«Командир собирал деньги с подчиненных на лечение жены, — пробегал строки письма и не видел приведенных фактов и показаний моряков с корвета. — Старший помощник командира капитан третьего ранга Чугунов, используя свое служебное положение, незаконно списал десять ящиков тушенки, пятьдесят литров спирта, пять мешков муки и двадцать упаковок хозяйственного мыла».
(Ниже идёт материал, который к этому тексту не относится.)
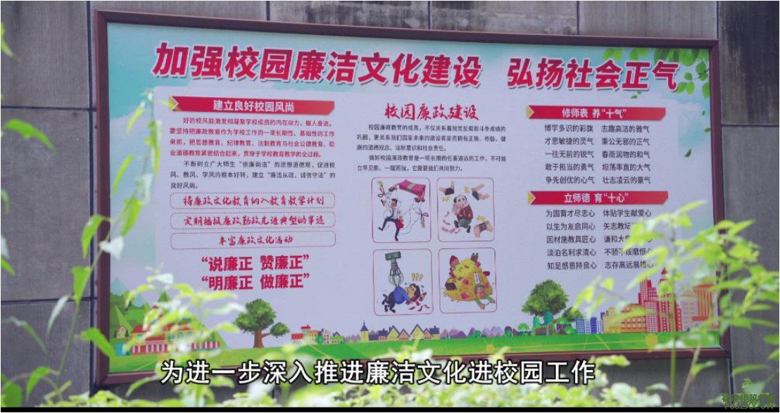 学校将廉洁教育活动纳入学校文化建设整体规划,通过廉洁主题班会、黑板报、校园文化长廊、观廉政教育基地、读廉洁故事、上廉政党课等寓教于乐活动,营造校园“崇廉”浓厚氛围,并将廉洁活动作为学校校园文化建设的一项常规工作抓实、抓细、抓出实效,营造和弘扬崇尚廉洁、抵制腐败的良好风尚。

«Капитан-лейтенант Баранов в ответ на сделанное ему замечание за неотдание воинской чести ударил рукой в грудь подполковника юстиции, старшего следователя по особо важным делам военной прокуратуры. Сбежал с места преступления».
«Ну и орлы!» — с грустью отметил командующий.
Он пригласил своего начальника штаба, вице-адмирала Борисова. Старый надежный товарищ, вместе служили на атомной подводной лодке на Камчатке. Офицерская судьба и карьера сложились по-разному: одного судьба обняла, а другого слегка похлопала по плечу. Молодой подчиненный стал начальником бывшего командира. Такой поворот, как забытая команда парусного флота «все вдруг», еще больше сдружил мужчин. Немногие могут вынести успех ближнего! А вот Борисов, не страдавший завистью и чинопочитанием, смог.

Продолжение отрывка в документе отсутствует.